Эшли неотрывно смотрела на него. Она едва могла поверить тому, что он говорил.
— И? — несмело проронила она.
— О гораздо большем, — клятвенно произнес Витор. — Когда ты не приняла приглашения Саймона на несколько заездов «Гран-при», я почувствовал облегчение. Облегчение и одновременно ощущение потери. Потом, когда он сказал мне, что ты приедешь в Лиссабон… Ты говорила, что Саймон завидовал. Тогда я тоже завидовал, завидовал ему. До боли. — Он помолчал, отдавшись воспоминаниям, потом овладел собой. — Узнав же, что ты приедешь с ним на ленч в дом матери, я решил, что смогу справиться с собой, лишь избегая тебя.
— И это вполне удалось, пока мать не вынудила тебя отвезти меня в гостиницу.
— Что она могла сделать нарочно.
Эшли широко раскрыла глаза.
— Ты так думаешь? Но она же считала Саймона моим любовником.
— Да. Но позже она сказала мне, что, по ее мнению, он тебе не подходит, и она всегда считала, что мне не подходит Селешта. Но она сразу полюбила тебя и на протяжении последних двух лет уговаривала меня завести семью.
— Вчера Маргрида говорила, что, увидев нас вместе на том ленче, она почувствовала родство наших душ, — припомнила Эшли.
— Не знаю, действительно ли она занялась сватовством, но когда мы очутились в том сарае, я уже не мог сдержатьея. — Улыбка тронула уголки рта Витора. — Но и ты сама жаждала этого.
— Я всецело была во власти инстинкта, забыв о разуме, — натянуто призналась она.
— Как бы там ни было, ты была превосходна. Волны бились, и играли оркестры. — Выражение его лица стало серьезным. — Но после я не знал, что делать. В тот момент я не хотел разборок с Саймоном и Селештой. Не хотел я запутаться и с тобой. — Витор опять задумался. — Я лгу. Мое сердце жаждало тебя, да и мое тело, но не моя голова. Поэтому я решил отложить все до окончания сезона.
Эшли хмуро смотрела на него с другого конца софы.
— Что-то мне не показалось, что ты говорил тогда об отсрочке.
— Да и не должно было показаться. С какой стати? Ты практически ничего не знала обо мне, о том, чем я живу. — В его глазах промелькнул намек на улыбку. — Хотя ты и сказала, что понимаешь меня, я решил объясниться, но никак не мог подыскать нужные слова. Когда же в моей голове сложилось нечто вроде речи, ты заявила, что проведенный нами вечер не имеет никакого значения!
Эшли оглянулась через плечо на видневшиеся в открытые «французские» окна деревья и произнесла без всякого выражения:
— И тут ты решил, что я просто дешевка.
— Нет!
Она перевела взгляд на него:
— Нет?
— Ни за что! Я уважал тебя и знал, что ты вовсе не из тех, кто спит с кем попало. Если бы было иначе, я бы и близко к тебе не подошел.

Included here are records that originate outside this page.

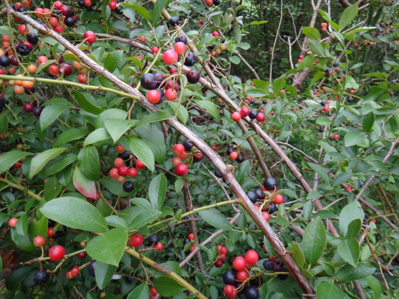 果実は黄緑色→赤色→黒紫色と変化する。
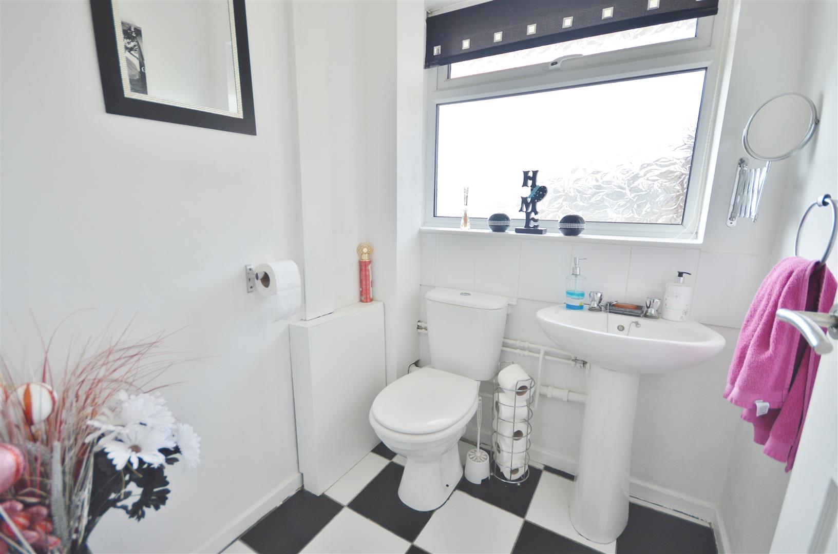 Two piece white suite. Comprises low level W.C. Pedestal wash hand basin. Part tiled walls. Double glazed window to front.
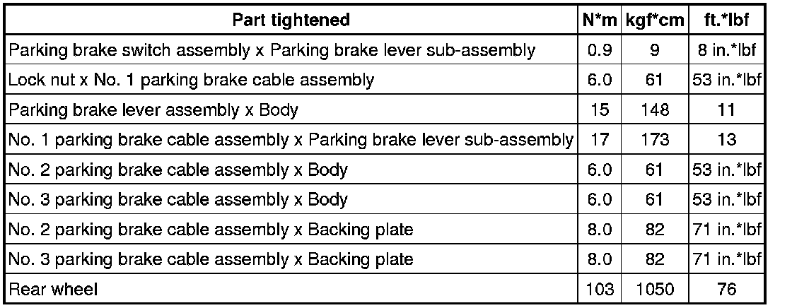 SPECIFICATIONS: PARKING BRAKE: TORQUE SPECIFICATIONS

Эшли поспешно переварила услышанное и полюбопытствовала:
— Так что ты подумал, когда я сделала свое заявление?
— Поскольку я не сомневался, что ты не менее меня была взволнована, поначалу оно меня возмутило. Но потом я решил, что ты почувствовала себя отвратительно, наставив рога Саймону, и нашла выход в предании нашей встречи забвению.
— А как ты чувствовал себя, наставив рога Селеште?

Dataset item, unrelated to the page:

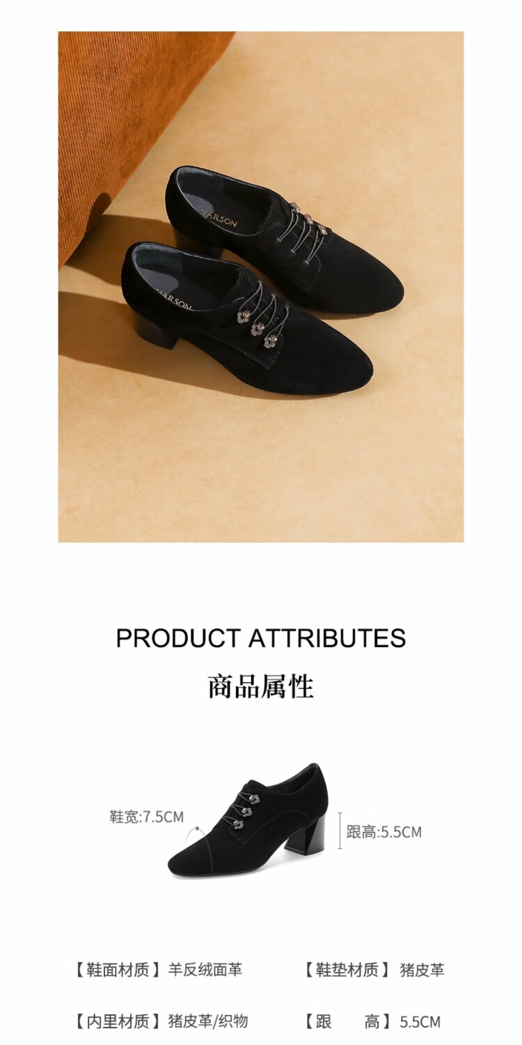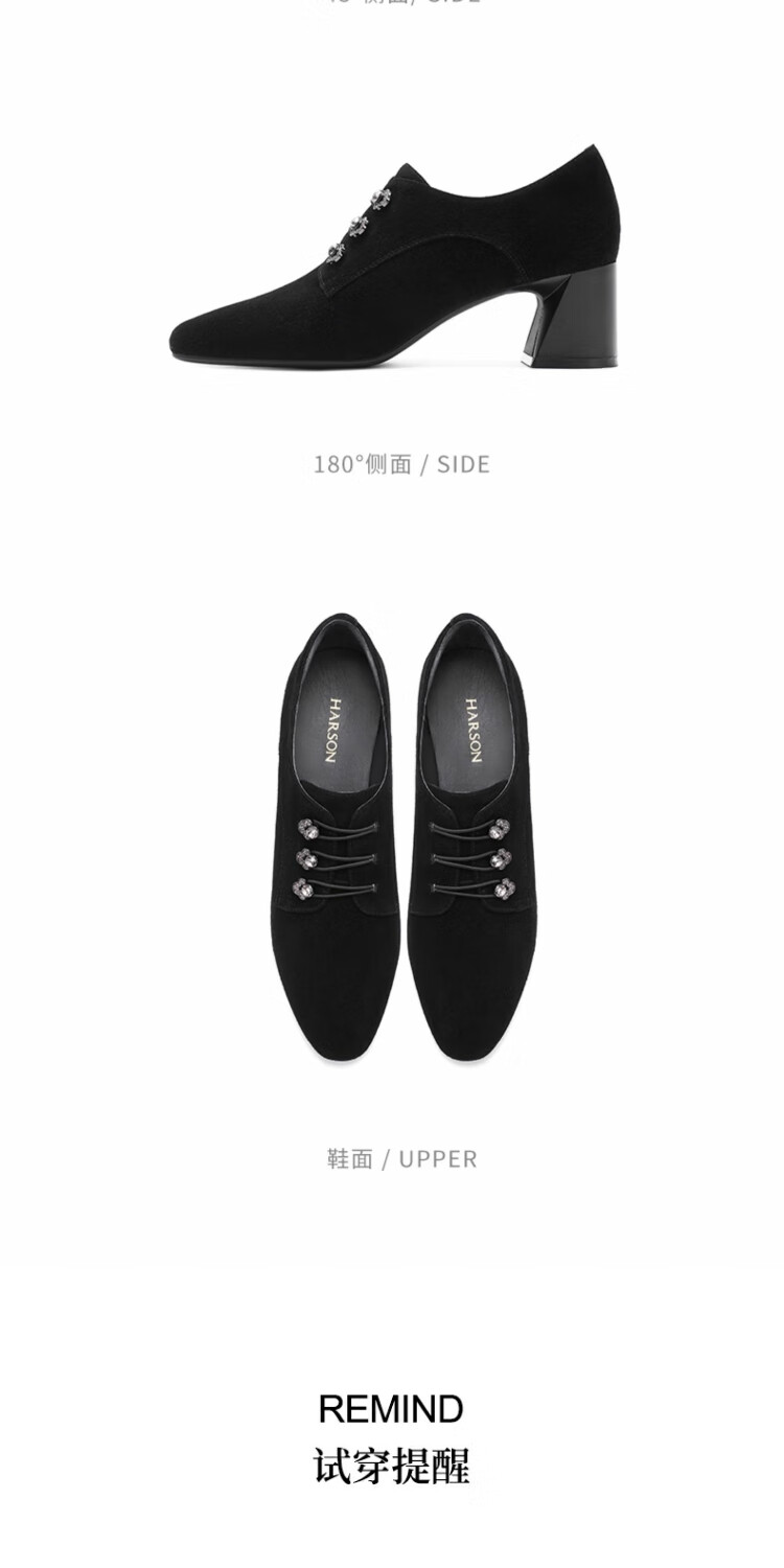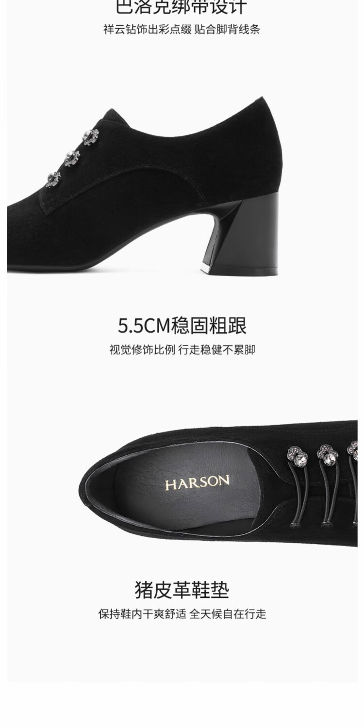 哈森黑色羊反绒面革粗高跟深口女鞋单鞋舒适妈妈鞋2025秋HL257140 黑色 羊反绒面革 36
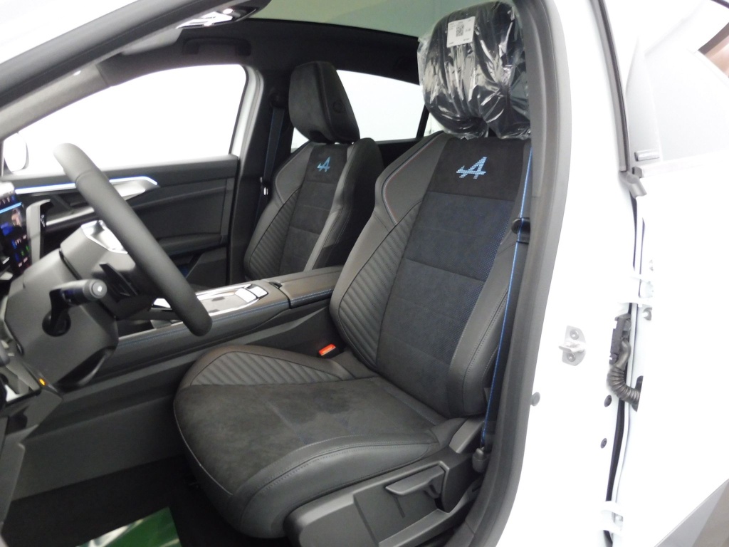 sellerie mixte alcantara avec surpiqûres bleues et logo alpine lumineux

— Тоже отвратительно, — уныло признался он, — хотя, как только поцеловал тебя, я уже знал, что разорву с ней. Несмотря на то, что нас не связывала особая страсть, я был верен ей. Без верности же наши отношения рассыпались в пыль.
— И ты сообщил Селеште, что все кончено, независимо от того, что сказала я?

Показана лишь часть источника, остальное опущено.